The quick start example below shows direct instantiation for testing, CLI tools, or content management scripts. For backend integration, access the representation store through the makeMeaning context object.
Quick Start
import { FilesystemRepresentationStore } from '@semiont/content';
const store = new FilesystemRepresentationStore({
basePath: '/path/to/storage'
});
// Store content - checksum becomes the address
const content = Buffer.from('Hello, World!');
const stored = await store.store(content, {
mediaType: 'text/plain',
language: 'en',
rel: 'original'
});
console.log(stored.checksum); // sha256:abc123...
// Retrieve by checksum
const retrieved = await store.retrieve(stored.checksum, 'text/plain');
console.log(retrieved.toString()); // "Hello, World!"
// Same content = same checksum (deduplication)
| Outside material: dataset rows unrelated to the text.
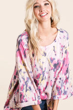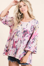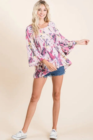 The Tie Dye Print Terry A-Line Top with Bell Sleeves is a fun and stylish addition to your wardrobe. The tie-dye print adds a pop of color and whimsy to the terry fabric. The A-line silhouette offers a flattering fit with a flowy shape. The bell sleeves add a touch of bohemian flair and movement to the top. Perfect for a casual and relaxed look, this top can be paired with jeans or leggings for a comfortable and chic outfit.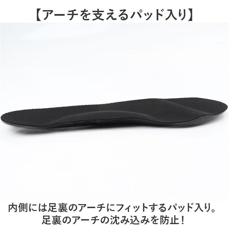 ・内側には足裏のアーチにフィットするパッド入り。足裏のアーチの沈み込みを防止!
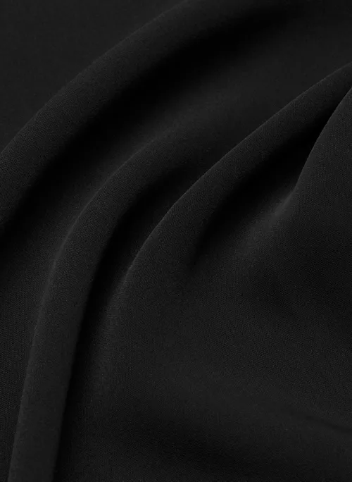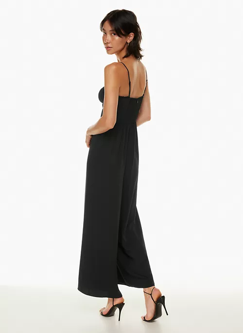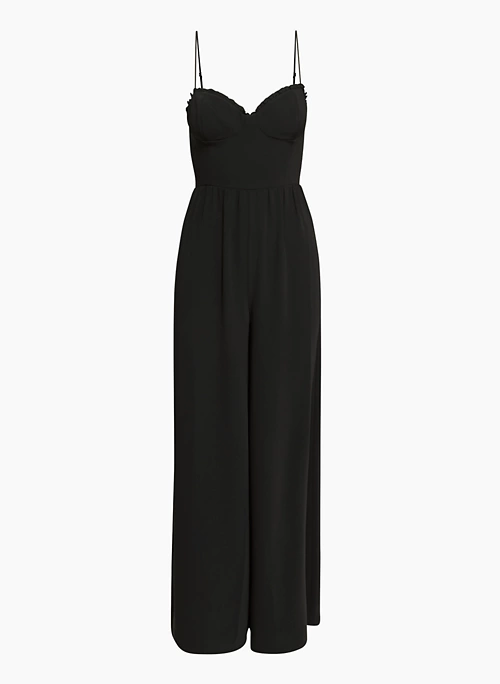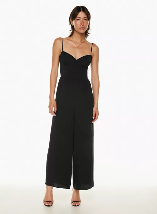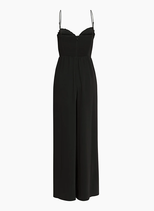 This is a bustier jumpsuit with a lined bodice, smocked back panel and sweetheart neckline with a ruffled trim. It’s cut from drapey, matte satin that’s made with recycled materials.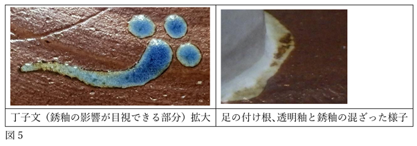 ところで、裏面の丁子文は瑠璃釉ですが、銹釉を剥がさずに重ね掛けしているとみえます。全体に表面よりも暗めの発色かつ、部分的に釉薬同士が混ざった様子も窺えます。足の透明釉がはみ出した部分も、白地の縁に同様の痕跡が見えます(図5)。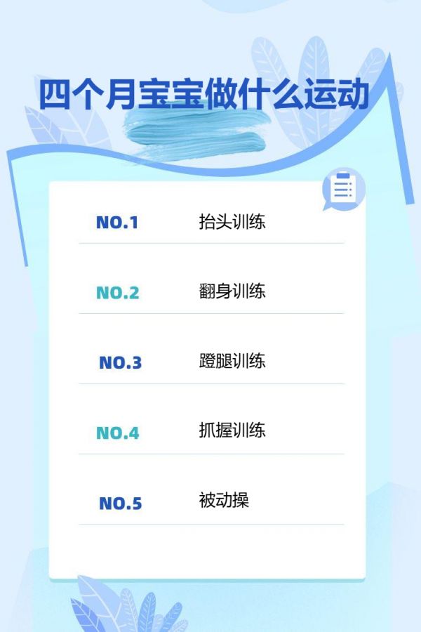 四个月宝宝可做的运动有抬头训练、翻身训练、蹬腿训练、抓握训练、被动操等。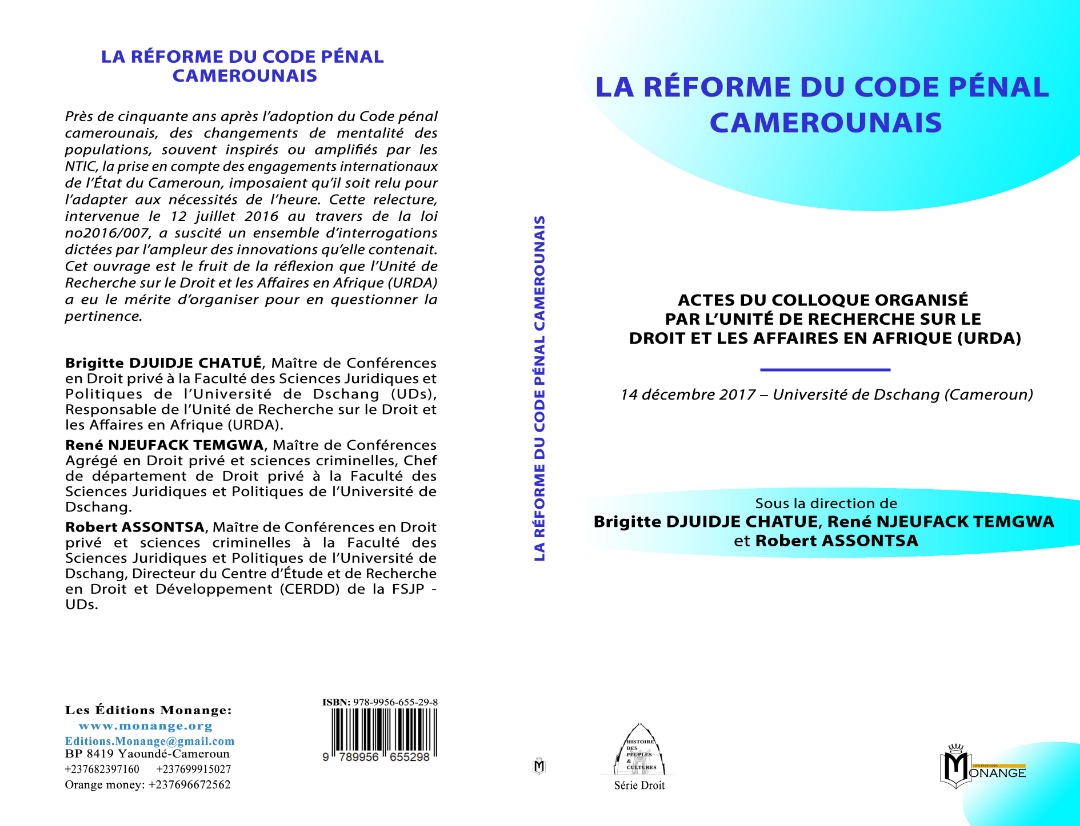 Brigitte Chatué, René Njeufack Temgwa et Robert Assotsa, La réforme du code pénal camerounais, Yaoundé, Monange, 2020, 350 pages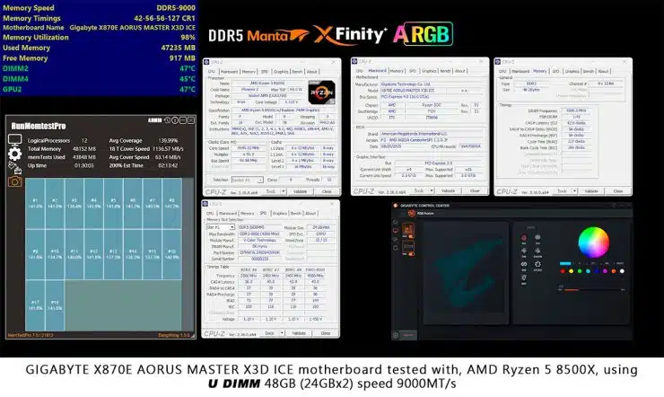 Más allá de la pantalla, lo que realmente importa es que XFinity+ presume velocidades de vértigo. En plataformas AMD AM5, un kit de dos módulos de 24 GB alcanzó los 9.000 MT/s con latencias CL42, certificado sobre una GIGABYTE Aorus Master X3D Ice. En el lado azul, sobre una placa Intel Z890, la cifra subió ligeramente a 9.068 MT/s con resultados igual de estables, comprobados con RunMemtestPro.

const duplicate = await store.store(content, {
mediaType: 'text/plain',
rel: 'copy'
});
console.log(duplicate.checksum === stored.checksum); // trueFeatures
- 🔐 Content-Addressed - SHA-256 checksum as identifier
- 🎯 Automatic Deduplication - Identical content stored once
- 🗂️ Smart Sharding - 65,536 directories for scalability
- 📊 W3C Compliant - Full representation metadata support
- 🏷️ MIME Type Support - 80+ types with proper extensions
- 🌍 Multilingual - Language and encoding metadata
Documentation
- API Reference - Complete API documentation
- Architecture - Design principles
- Patterns - Usage patterns and best practices
Examples
- Basic Example - Storage and retrieval
- Deduplication - Content addressing benefits
- Binary Content - Images and documents
Storage Architecture
Content Addressing
Every piece of content is addressed by its SHA-256 checksum:
const checksum = calculateChecksum(content);
// sha256:5aaa0b72c1f4d8e7a9f2c8b3d4e5f6a7b8c9d0e1f2a3b4c5d6e7f8a9b0c1d2e3Storage Path Structure
basePath/
└── representations/
└── {mediaType}/ # URL-encoded MIME type
└── {ab}/ # First 2 hex chars of checksum
└── {cd}/ # Next 2 hex chars (65,536 shards)
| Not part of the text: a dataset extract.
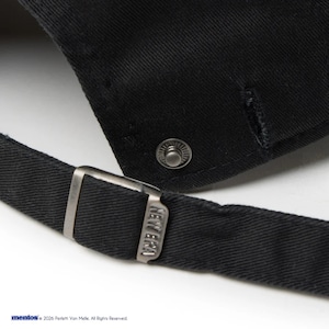 シルエットはフロント部分に芯がなく柔らかな被り心地が特徴。フロントパネルのトップステッチをなくし、スウェットバンドには薄く柔らかいコットンツイルを採用。バイザー(つば)はあらかじめ着用しやすい状態にカーブしています。 イージースナップ(スナップボタンで着脱できるサイズ調整するストラップ)なので、バッグやベルトループなどに簡単に取り付けることができます。頭回り約55.8cmから59.6cmまでサイズ調整が可能です。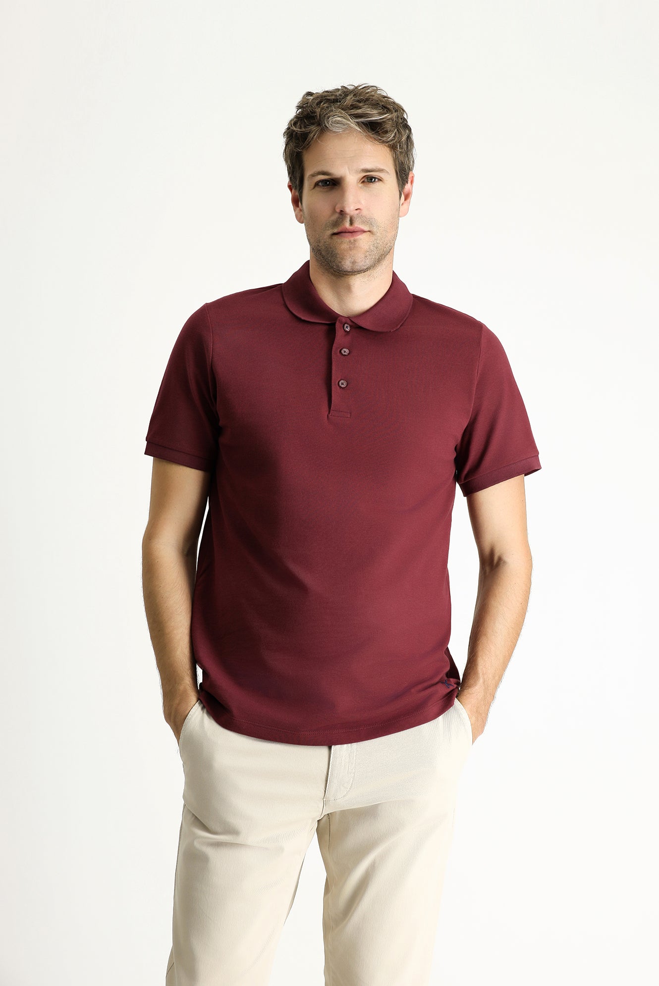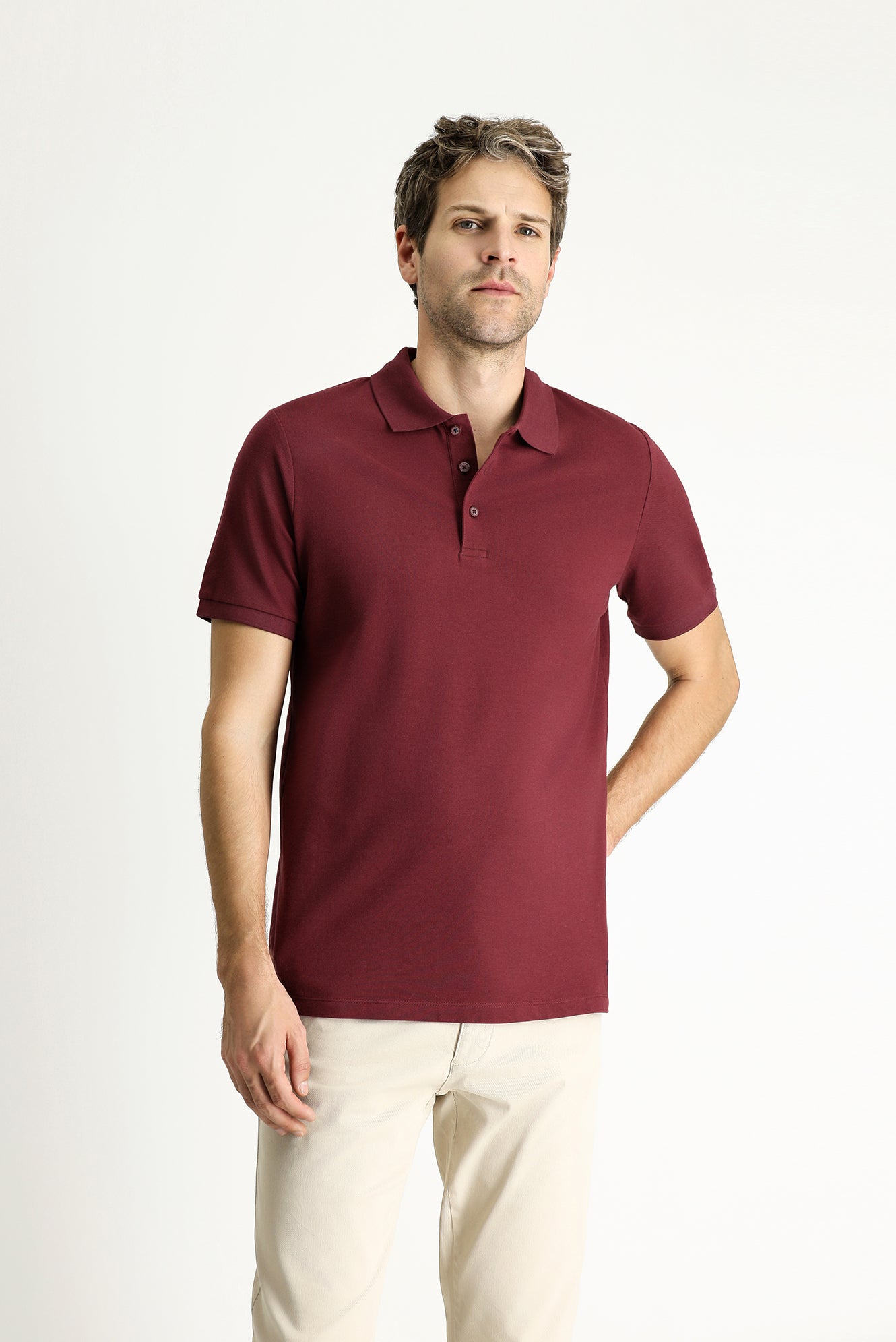 Koyu Bordo Slim Fit Dar Kesim Nakışlı Pamuk Polo Yaka Tişört

└── rep-{checksum}.{ext}Example paths:
representations/text~1plain/5a/aa/rep-5aaa0b72...abc.txt
representations/image~1png/ff/12/rep-ff123456...def.png
representations/application~1json/ab/cd/rep-abcd1234...123.jsonDeduplication
Content-addressed storage provides automatic deduplication:
// Store same content 100 times
for (let i = 0; i < 100; i++) {
await store.store(identicalContent, metadata);
}
// Result: Only ONE file on diskAPI Overview
FilesystemRepresentationStore
const store = new FilesystemRepresentationStore({
basePath: '/data/storage' // Root storage directory
});Store Content
const stored = await store.store(
content: Buffer,
metadata: {
mediaType: string; // Required: MIME type
filename?: string; // Optional: Original filename
encoding?: string; // Optional: Character encoding
language?: string; // Optional: ISO language code
rel?: string; // Optional: Relationship type
}
): Promise<StoredRepresentation>Retrieve Content
const buffer = await store.retrieve(
checksum: string, // SHA-256 checksum
mediaType: string // MIME type for path lookup
): Promise<Buffer>Types
interface StoredRepresentation {
'@id': string; // Content URI
checksum: string; // SHA-256 hex (64 chars)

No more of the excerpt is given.